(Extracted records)

---------------

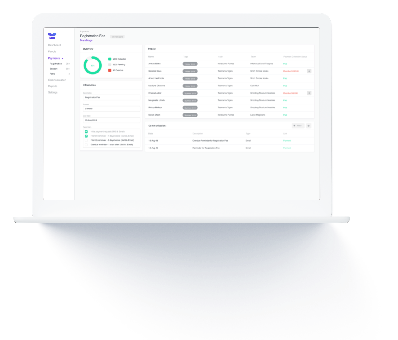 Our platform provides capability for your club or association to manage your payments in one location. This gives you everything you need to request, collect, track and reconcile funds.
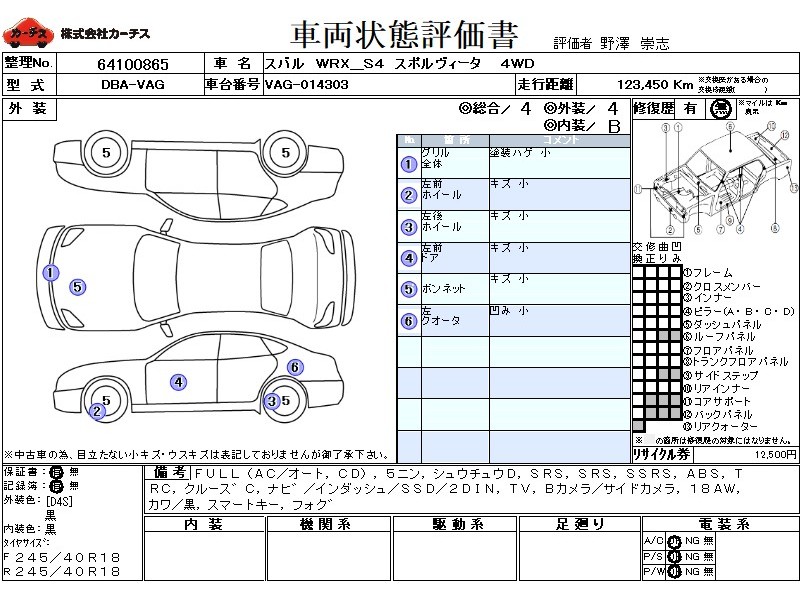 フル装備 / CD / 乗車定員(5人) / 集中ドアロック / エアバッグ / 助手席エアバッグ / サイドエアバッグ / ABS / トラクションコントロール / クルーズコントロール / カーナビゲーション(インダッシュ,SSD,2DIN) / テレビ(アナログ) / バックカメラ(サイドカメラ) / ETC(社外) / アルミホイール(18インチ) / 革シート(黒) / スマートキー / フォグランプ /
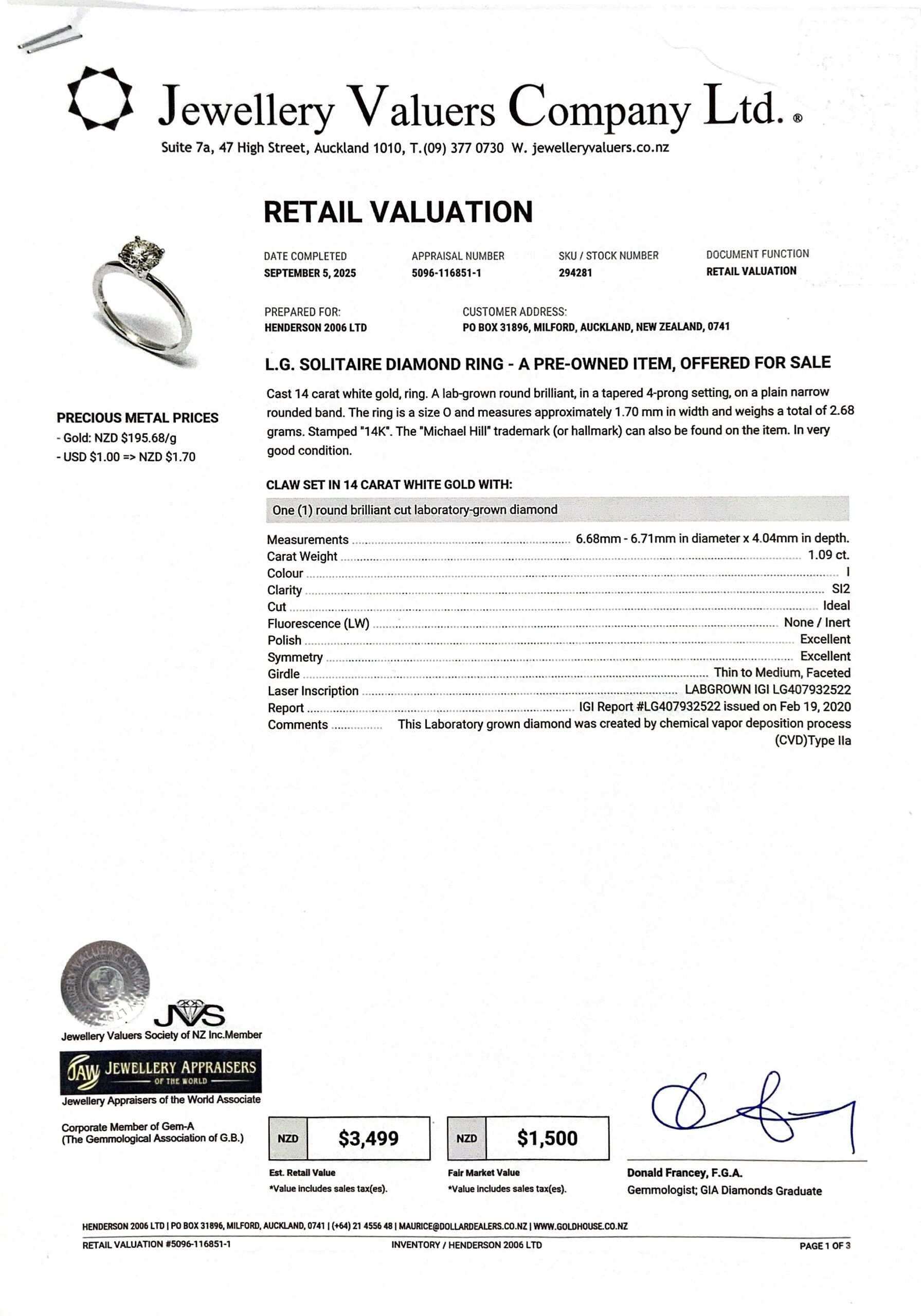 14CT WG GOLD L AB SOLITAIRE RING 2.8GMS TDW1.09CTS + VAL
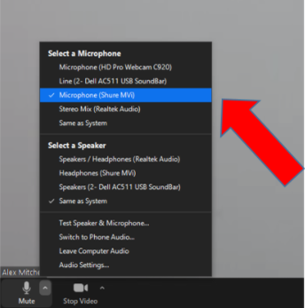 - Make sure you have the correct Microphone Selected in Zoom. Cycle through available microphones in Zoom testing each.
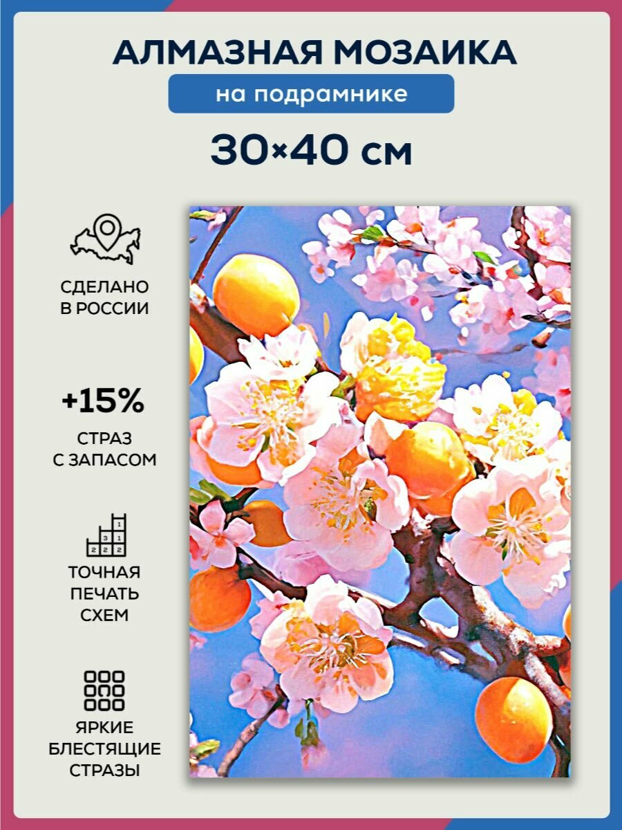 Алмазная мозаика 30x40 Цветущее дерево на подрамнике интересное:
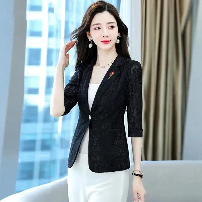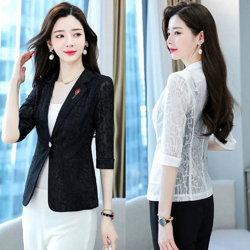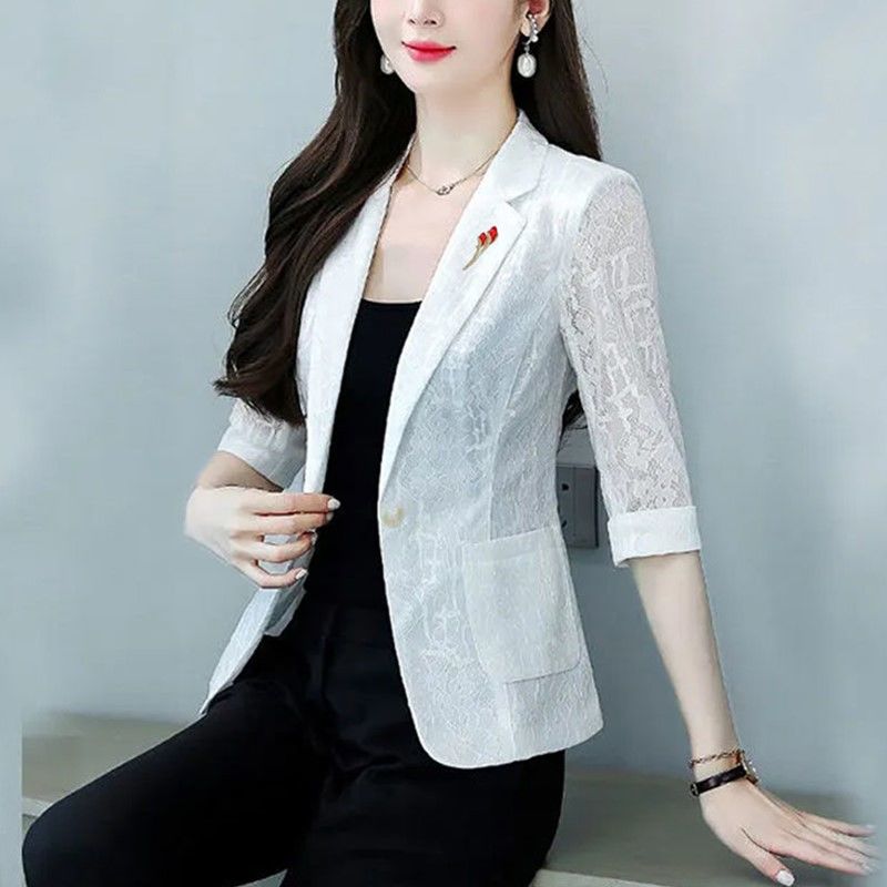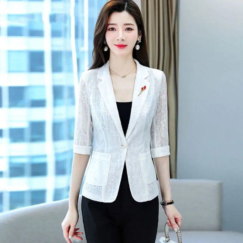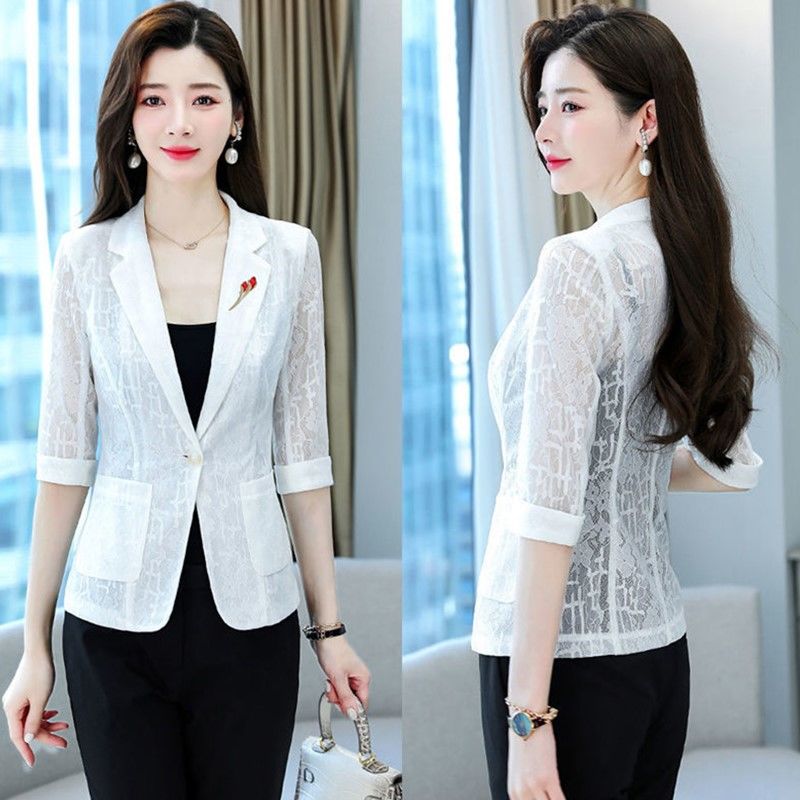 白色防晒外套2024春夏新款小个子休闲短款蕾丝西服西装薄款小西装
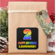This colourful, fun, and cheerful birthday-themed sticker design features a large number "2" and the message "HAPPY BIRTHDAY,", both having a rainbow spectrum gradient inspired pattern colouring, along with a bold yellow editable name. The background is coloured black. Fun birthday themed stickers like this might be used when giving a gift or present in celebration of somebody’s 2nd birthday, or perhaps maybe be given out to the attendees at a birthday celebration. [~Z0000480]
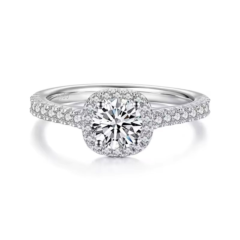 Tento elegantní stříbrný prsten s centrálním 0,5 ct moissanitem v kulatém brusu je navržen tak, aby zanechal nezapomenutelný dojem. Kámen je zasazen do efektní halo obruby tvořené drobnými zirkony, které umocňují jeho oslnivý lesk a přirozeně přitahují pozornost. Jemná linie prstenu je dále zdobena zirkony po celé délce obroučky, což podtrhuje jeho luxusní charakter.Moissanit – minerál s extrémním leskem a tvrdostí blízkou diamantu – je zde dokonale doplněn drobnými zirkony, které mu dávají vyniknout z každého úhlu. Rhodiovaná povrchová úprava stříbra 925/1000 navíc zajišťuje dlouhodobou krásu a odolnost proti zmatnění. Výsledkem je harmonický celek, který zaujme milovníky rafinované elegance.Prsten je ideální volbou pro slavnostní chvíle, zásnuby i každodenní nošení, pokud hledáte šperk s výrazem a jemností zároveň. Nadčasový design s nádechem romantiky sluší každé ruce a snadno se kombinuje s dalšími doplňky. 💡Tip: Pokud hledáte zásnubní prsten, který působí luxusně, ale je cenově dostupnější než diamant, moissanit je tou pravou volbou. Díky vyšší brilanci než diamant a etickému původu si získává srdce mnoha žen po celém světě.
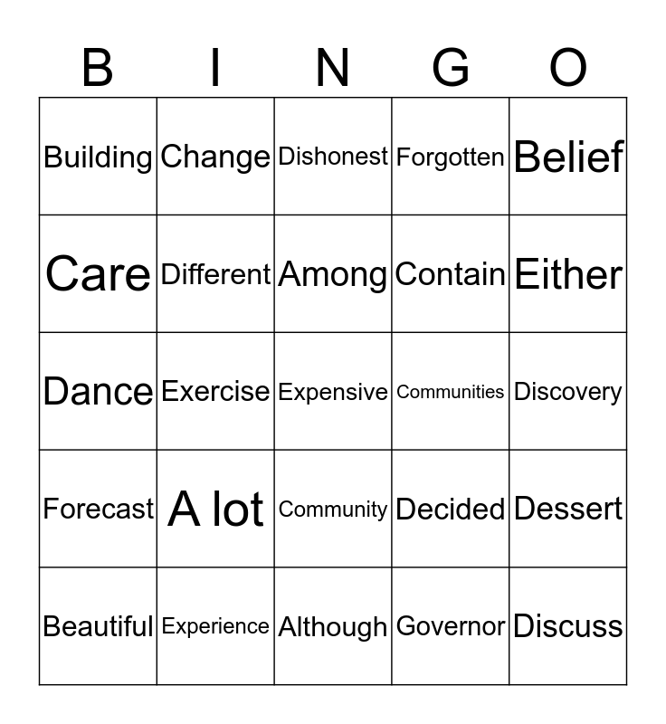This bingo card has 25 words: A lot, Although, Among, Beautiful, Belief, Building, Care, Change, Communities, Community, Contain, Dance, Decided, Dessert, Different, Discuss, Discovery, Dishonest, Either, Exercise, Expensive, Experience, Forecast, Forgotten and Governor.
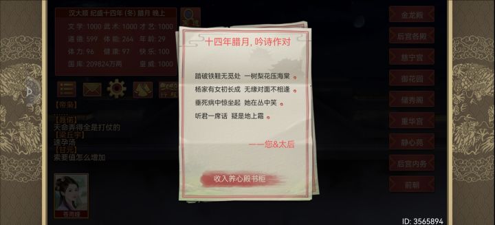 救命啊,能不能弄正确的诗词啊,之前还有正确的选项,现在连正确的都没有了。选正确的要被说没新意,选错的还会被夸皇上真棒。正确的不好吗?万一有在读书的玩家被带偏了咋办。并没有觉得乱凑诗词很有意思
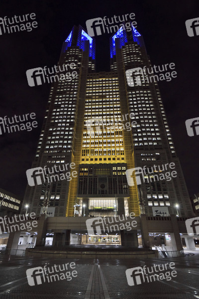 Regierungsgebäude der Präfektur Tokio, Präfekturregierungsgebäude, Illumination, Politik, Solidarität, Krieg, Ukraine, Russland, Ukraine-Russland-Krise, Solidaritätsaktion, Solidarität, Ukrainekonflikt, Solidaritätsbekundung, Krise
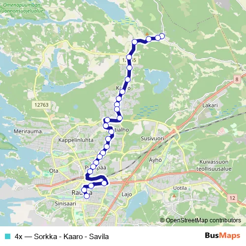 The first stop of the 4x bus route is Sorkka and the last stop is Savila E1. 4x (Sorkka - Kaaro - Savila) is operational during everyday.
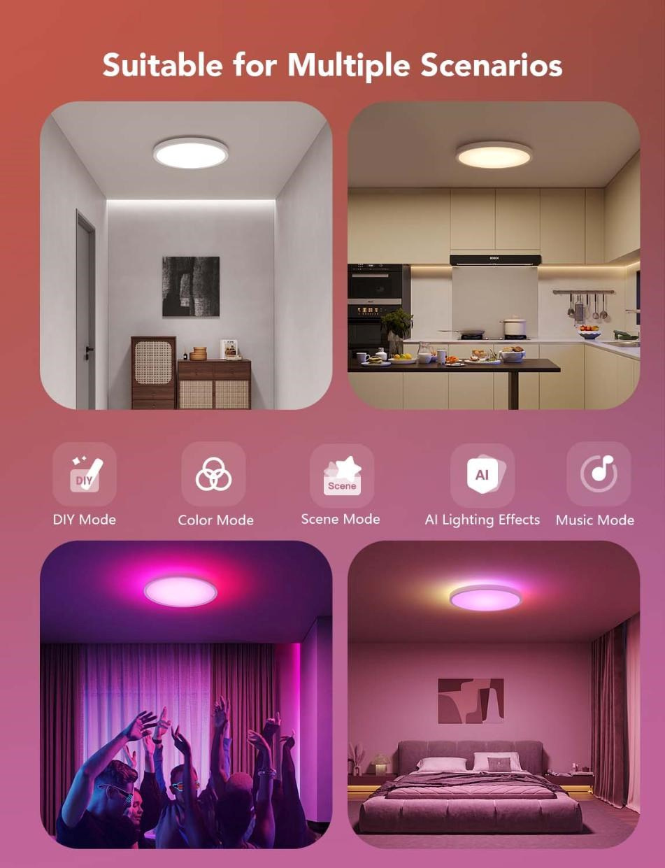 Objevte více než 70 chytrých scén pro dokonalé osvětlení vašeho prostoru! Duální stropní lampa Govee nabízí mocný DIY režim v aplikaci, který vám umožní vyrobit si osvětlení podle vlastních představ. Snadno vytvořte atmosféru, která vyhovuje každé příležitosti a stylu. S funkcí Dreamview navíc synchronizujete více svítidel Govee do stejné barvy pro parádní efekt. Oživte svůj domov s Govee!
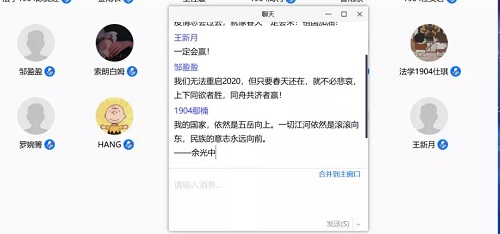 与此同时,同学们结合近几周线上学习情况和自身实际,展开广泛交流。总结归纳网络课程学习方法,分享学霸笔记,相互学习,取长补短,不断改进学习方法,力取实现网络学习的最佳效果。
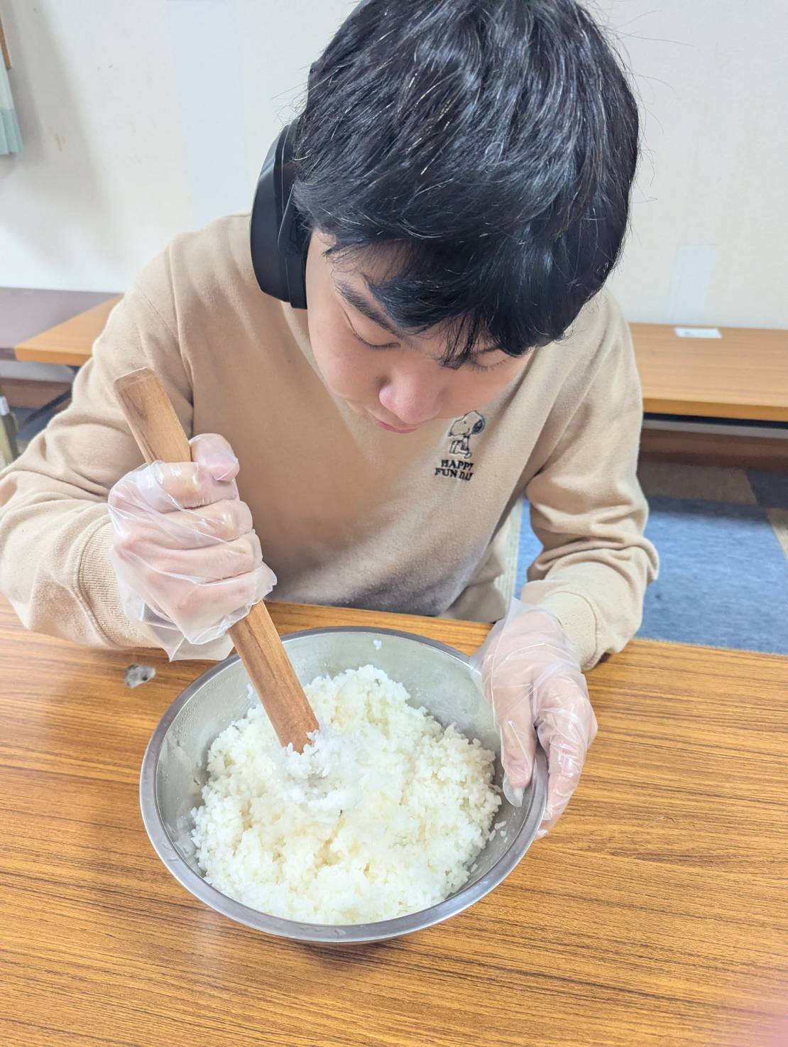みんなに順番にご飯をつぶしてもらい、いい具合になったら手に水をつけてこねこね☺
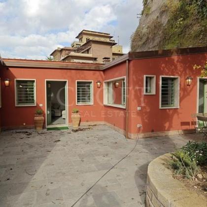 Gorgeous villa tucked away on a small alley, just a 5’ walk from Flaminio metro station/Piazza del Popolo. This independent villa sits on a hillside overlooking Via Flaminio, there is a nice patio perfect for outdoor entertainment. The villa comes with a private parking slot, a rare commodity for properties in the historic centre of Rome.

---------------

> **Exercise objective**
In your answer, repeat all the entries exactly, but leave out the pictures.

> **Written solution**
 Our platform provides capability for your club or association to manage your payments in one location. This gives you everything you need to request, collect, track and reconcile funds.
 フル装備 / CD / 乗車定員(5人) / 集中ドアロック / エアバッグ / 助手席エアバッグ / サイドエアバッグ / ABS / トラクションコントロール / クルーズコントロール / カーナビゲーション(インダッシュ,SSD,2DIN) / テレビ(アナログ) / バックカメラ(サイドカメラ) / ETC(社外) / アルミホイール(18インチ) / 革シート(黒) / スマートキー / フォグランプ /
 14CT WG GOLD L AB SOLITAIRE RING 2.8GMS TDW1.09CTS + VAL
 - Make sure you have the correct Microphone Selected in Zoom. Cycle through available microphones in Zoom testing each.
 Алмазная мозаика 30x40 Цветущее дерево на подрамнике интересное:
 白色防晒外套2024春夏新款小个子休闲短款蕾丝西服西装薄款小西装
This colourful, fun, and cheerful birthday-themed sticker design features a large number "2" and the message "HAPPY BIRTHDAY,", both having a rainbow spectrum gradient inspired pattern colouring, along with a bold yellow editable name. The background is coloured black. Fun birthday themed stickers like this might be used when giving a gift or present in celebration of somebody’s 2nd birthday, or perhaps maybe be given out to the attendees at a birthday celebration. [~Z0000480]
 Tento elegantní stříbrný prsten s centrálním 0,5 ct moissanitem v kulatém brusu je navržen tak, aby zanechal nezapomenutelný dojem. Kámen je zasazen do efektní halo obruby tvořené drobnými zirkony, které umocňují jeho oslnivý lesk a přirozeně přitahují pozornost. Jemná linie prstenu je dále zdobena zirkony po celé délce obroučky, což podtrhuje jeho luxusní charakter.Moissanit – minerál s extrémním leskem a tvrdostí blízkou diamantu – je zde dokonale doplněn drobnými zirkony, které mu dávají vyniknout z každého úhlu. Rhodiovaná povrchová úprava stříbra 925/1000 navíc zajišťuje dlouhodobou krásu a odolnost proti zmatnění. Výsledkem je harmonický celek, který zaujme milovníky rafinované elegance.Prsten je ideální volbou pro slavnostní chvíle, zásnuby i každodenní nošení, pokud hledáte šperk s výrazem a jemností zároveň. Nadčasový design s nádechem romantiky sluší každé ruce a snadno se kombinuje s dalšími doplňky. 💡Tip: Pokud hledáte zásnubní prsten, který působí luxusně, ale je cenově dostupnější než diamant, moissanit je tou pravou volbou. Díky vyšší brilanci než diamant a etickému původu si získává srdce mnoha žen po celém světě.
This bingo card has 25 words: A lot, Although, Among, Beautiful, Belief, Building, Care, Change, Communities, Community, Contain, Dance, Decided, Dessert, Different, Discuss, Discovery, Dishonest, Either, Exercise, Expensive, Experience, Forecast, Forgotten and Governor.
 救命啊,能不能弄正确的诗词啊,之前还有正确的选项,现在连正确的都没有了。选正确的要被说没新意,选错的还会被夸皇上真棒。正确的不好吗?万一有在读书的玩家被带偏了咋办。并没有觉得乱凑诗词很有意思
 Regierungsgebäude der Präfektur Tokio, Präfekturregierungsgebäude, Illumination, Politik, Solidarität, Krieg, Ukraine, Russland, Ukraine-Russland-Krise, Solidaritätsaktion, Solidarität, Ukrainekonflikt, Solidaritätsbekundung, Krise
 The first stop of the 4x bus route is Sorkka and the last stop is Savila E1. 4x (Sorkka - Kaaro - Savila) is operational during everyday.
 Objevte více než 70 chytrých scén pro dokonalé osvětlení vašeho prostoru! Duální stropní lampa Govee nabízí mocný DIY režim v aplikaci, který vám umožní vyrobit si osvětlení podle vlastních představ. Snadno vytvořte atmosféru, která vyhovuje každé příležitosti a stylu. S funkcí Dreamview navíc synchronizujete více svítidel Govee do stejné barvy pro parádní efekt. Oživte svůj domov s Govee!
 与此同时,同学们结合近几周线上学习情况和自身实际,展开广泛交流。总结归纳网络课程学习方法,分享学霸笔记,相互学习,取长补短,不断改进学习方法,力取实现网络学习的最佳效果。
みんなに順番にご飯をつぶしてもらい、いい具合になったら手に水をつけてこねこね☺
 Gorgeous villa tucked away on a small alley, just a 5’ walk from Flaminio metro station/Piazza del Popolo. This independent villa sits on a hillside overlooking Via Flaminio, there is a nice patio perfect for outdoor entertainment. The villa comes with a private parking slot, a rare commodity for properties in the historic centre of Rome.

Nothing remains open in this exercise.